Damals wie heute muss die Geschäftsleitung im Streikfall dafür Sorge tragen, dass die genannten Stationen geräumt, die Patienten verlegt und die Betten nicht neu vergeben werden. Das schreibt eine zwischen ver.di und Charité geschlossene Notdienstvereinbarung fest. Demnach muss aber die Gewerkschaft die Stilllegung von Betten mindestens drei, die Schließung von Stationen wenigstens sechs Tage vorher ankündigen. Der Klinikleitung bleibt noch eine Möglichkeit, den Arbeitskampf zumindest hinauszuschieben: Sie könnte die Schlichtung anrufen. Dadurch wäre es ver.di vorübergehend untersagt, zu Arbeitsniederlegungen aufzurufen.
„Unser Ziel ist die dringend nötige Entlastung der Beschäftigten durch die Einstellung zusätzlicher Kräfte“, erklärte Becker. „Die Kolleginnen und Kollegen haben schon jetzt deutlich gemacht, dass sie bereit sind, dafür zu kämpfen. Ich kann der Charité nur raten, dem endlich nachzugeben.“ Eine Verbesserung der Personalsituation sei schließlich nicht nur im Interesse der Beschäftigten, sondern auch einer qualitativ hochwertigen Krankenversorgung, so der Gewerkschafter.

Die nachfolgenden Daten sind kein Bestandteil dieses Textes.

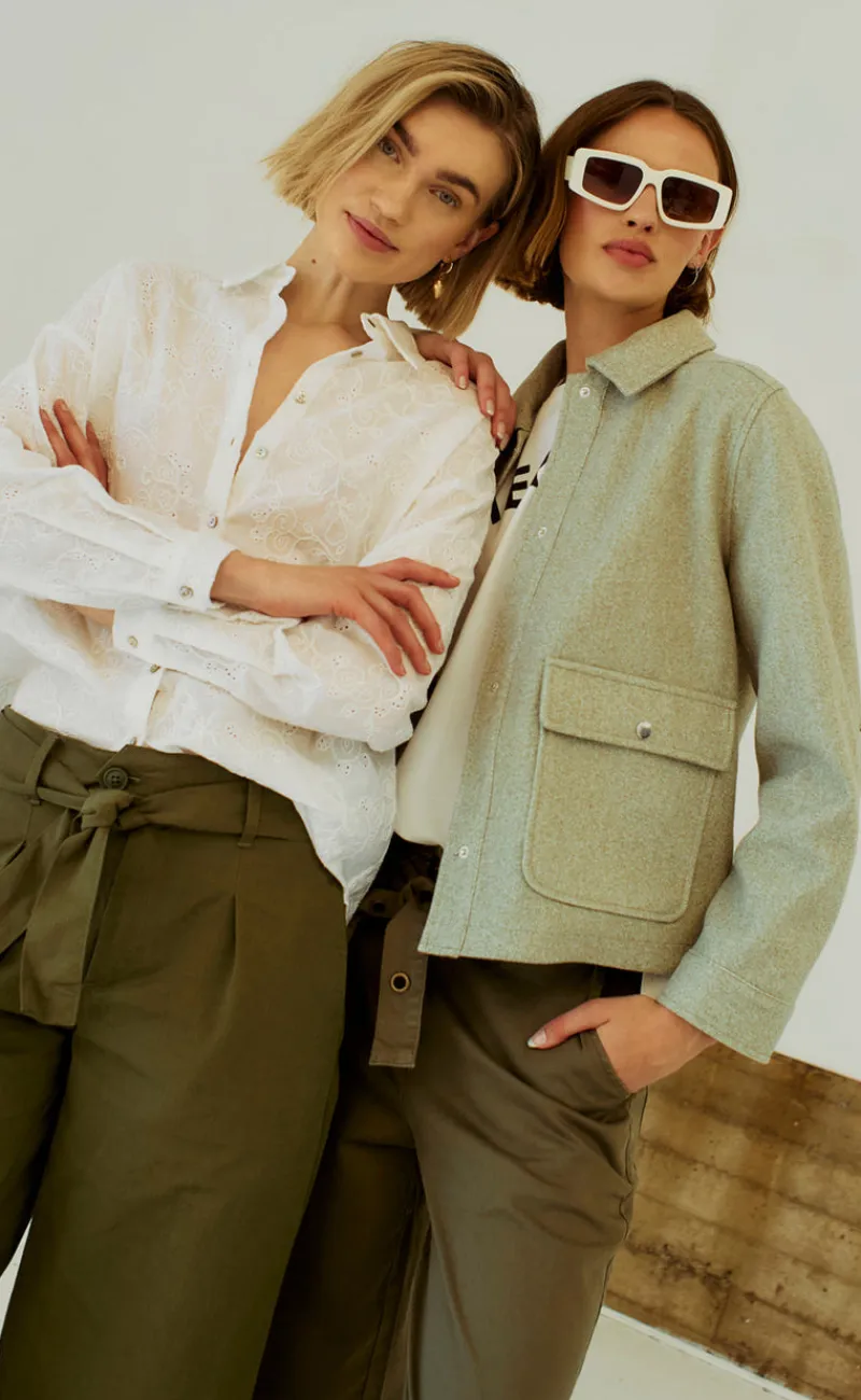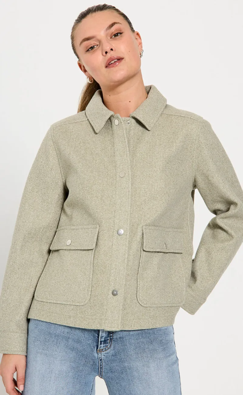 Fin overgangsjakke fra Freequent i en lysegrøn farve.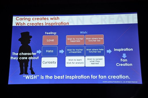 しかるにキャラクターに対する愛は,そのキャラクターの幸福を望むようになり,また他のプレイヤーもまた自分が愛するキャラクターを愛してほしいと望むようになる。それがインスピレーションとなって,二次創作が生まれる。

Tatsächlich ist der Zusammenhang zwischen fehlenden Pflegekräften und schlechter Patientenversorgung vielfach nachgewiesen. So kommt beispielsweise eine aktuelle Untersuchung der University of Pennsylvania zu dem Schluss, dass übermäßige Arbeitsbelastung die Todesraten im Krankenhaus deutlich nach oben treibt. Der im Fachmagazin The Lancet veröffentlichten Studie zufolge erhöht jeder Patient, den eine Krankenschwester zusätzlich versorgt, das Todesfallrisiko um sieben Prozent.
Nicht nur an der Charité, auch anderswo ist die Personalsituation in den Kliniken desaströs. Nach ver.di-Berechnungen fehlen in den Krankenhäusern bundesweit 162.000 Beschäftigte, allein 70.000 davon in der Pflege. Die Gewerkschaft fordert deshalb ein Gesetz, das den Häusern personelle Mindeststandards verbindlich vorschreibt. Der Konflikt an der Charité könnte diesem Anliegen noch einmal große Aufmerksamkeit bescheren.